The pharmaceutical magnates (aka Big Pharma) have distilled the wisdom of capitalism into one word: outsource.
The key to profits, outlined in Das Kapital as well as in MBA courses, is to grow revenue, while shrinking costs. On the revenue side, Big Pharma has excelled. Most Americans regularly swallow, inhale, or inject something legally prescribed. One estimate holds that we spend $1,000 per capita on drugs – a figure that has crept up. Part of the surge reflects the success of modern medicine: we treat conditions that we never treated before, with better results. From cystic fibrosis to asthma to leukemia, today’s patients fare better than their counterparts a generation ago. (To anti-vaccination parents out there, we do not have a cure for measles, only a vaccine).
Yet we also treat a hodgepodge of “lifestyle” ailments. Thanks to Big Pharma, we Americans need never grow bald, impotent, fat, or sad. As for non-pharmaceutical ways to bolster well-being, like exercise, diet, and sociability, physicians don’t prescribe them as readily as they prescribe the quicker remedies.
The marketing has been two-pronged. Those ubiquitous media ads promise patients nirvana, admittedly with sotto voce fine-print warnings. And the marketing to physicians has been subtle yet effective, from drug-sponsored “lectures” to information on off-label benefits. Give Big Pharma a solid MBA “A” for bolstering revenue.
On the cost side, Big Pharma has been equally diligent. They have lobbied to tamp down Food and Drug Administration surveillance. They have funded the campaigns of Republicans keen on cutting FDA budgets. But there is only so much Big Pharm can do within the USA. After all, we have those pesky wage rules, safety rules, environmental rules.
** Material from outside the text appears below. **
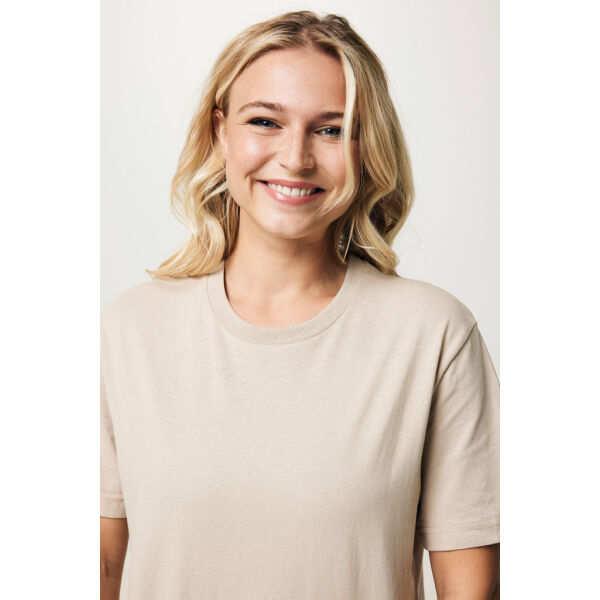 Unisex boxy fit t-shirt van 100% katoen (50% gerecycled/50% biologisch) 180 G/M². Dit trendy t-shirt heeft een halslijn met 1x1 rib en een comfortabele boxy fit met een iets kortere lichaamslengte. Het gebruik van echt gerecyclede en biologische stoffen en de milieueffecten worden gegarandeerd door het gebruik van de AWARE™ tracer en blockchaintechnologie. Door de QR-code te scannen, krijgt u toegang tot een speciaal digitaal product paspoort van het t-shirt. 2% van de opbrengst van elk verkocht product wordt gedoneerd aan Water.org. Dit product is OEKO-TEX® STANDARD 100 Centexbel gecertificeerd. Door de aard van gerecyclede garens kunnen onzuiverheden en kleurvariaties voorkomen.

Regulations upon regulations, as conservative politicians lament.
The solution? Astoundingly easy. Go overseas. Find places without those pesky regulations. Take a page from other behemoths, the ones that make sneakers and computers and furniture. Drugs are not so different, just another commodity. So make them overseas. You will produce more drugs, to satisfy a growing market, at lower costs.
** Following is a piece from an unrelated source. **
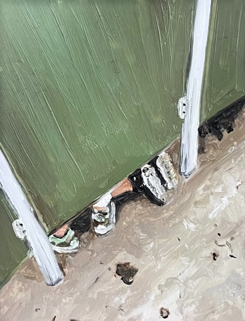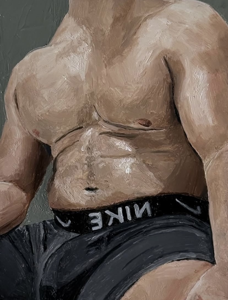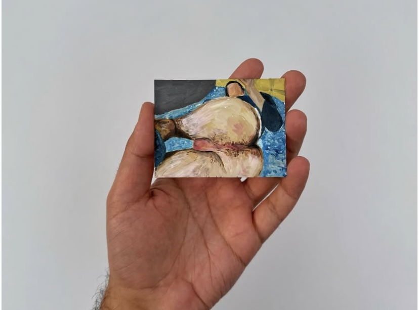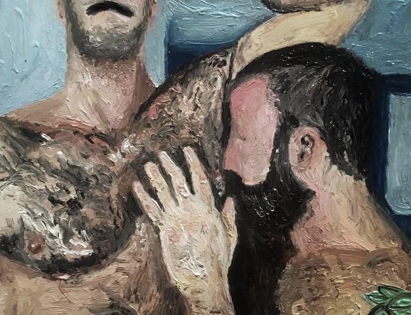 A Istanbul, dove la libertà è sempre una negoziazione e il corpo non è mai neutro, Chorus of Body dipinge in scala ridotta ciò che altrove viene urlato o censurato. I suoi oli su cartone sono frammenti intimi: corpi maschili senza volto, gesti sospesi, superfici che riflettono e disturbano lo sguardo. Qui l’identità non si dichiara, si contrae. Si trattiene. Resiste.

As for FDA oversight, the industry can rest assured that a poorly funded FDA will not be able to oversee much. Look at its track record. Domestically, the FDA is supposed to inspect United States plants every 2 years; overseas, a plant can go as long as 13 years without seeing an inspector. And the FDA does not employ its own translators, but relies on the plant’s personnel. To add to the regulatory wasteland, the FDA doesn’t have an accurate count of plants that export drugs: the Government Accounting Office pegs the range from 3,000 to 6,000+.
Admittedly, in the last few years, the FDA has ramped up its overseas surveillance. India, for instance, supplies 40% of our over-the-counter and generic drugs. In 2013 the FDA inspected 160 plants in India, three times the number in 2009. (That ramped-up inspection has plummeted the revenue of Indian drug-makers.)
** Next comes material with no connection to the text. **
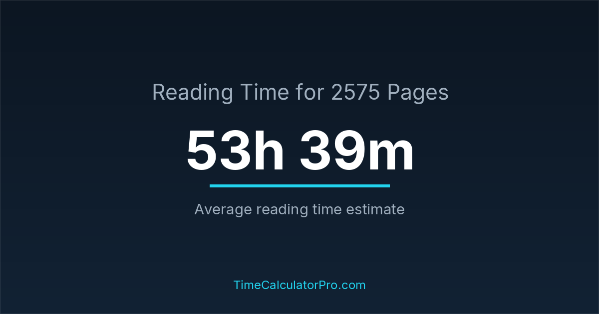 If you read at an average speed of 200 words per minute, reading 2575 pages will take approximately 53 hours and 39 minutes. This estimate assumes around 250 words per page, which is typical for most books.
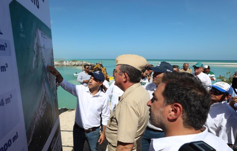 El Gobernador constató las primeras labores de este proyecto que contempla la instalación de la infraestructura para el movimiento de la arena, para lo que se estarán aplicando recursos por casi 8 millones de pesos en la obra física de los puertos de abrigo de Chuburná y Telchac, que consiste en la excavación y colocación de tubería de fija y flotante de 10 pulgadas para su traslado.

Not surprisingly, with all these drugs pouring into the marketplace, some patients will suffer “adverse events,” which can range from itchiness to death. The causes vary; e.g., contaminated medication, an unpredicted reaction, an off-label use for an inappropriate patient, improper use. Or the “adverse event” may have nothing to do with the drug. Inspectors must be medical detectives. The FDA wants “somebody” to monitor these drugs, amass data, analyze results.
Big Pharma doesn’t disagree. They couldn’t. (Their executives and shareholders are also their customers). But corporate honchos see a trifecta of increases: costs, regulations, administrative angst. You can imagine the corporate boardroom discussions.
The solution is, again, easy: Outsource. The word-du-jour is pharmacovigilance. You can hire companies overseas to do this – at a lower cost than if you stayed in the USA. The Wall Street Journal promises: “New Outsourcing Frontier in India: Monitoring Drug Safety Business Is Booming as Regulators Require Closer Tracking of Side Effects” (Feb. 1).
Of course, to do pharmacovigilance well, whether outsourced or not, we will need to increase the requirements for compliance, insure regular monitoring, institute meaningful sanctions – in short, we will need more regulations, more money for the FDA. Since corporate wizards outsource to keep costs low, those wizards face a challenge that may outstrip MBA ingenuity.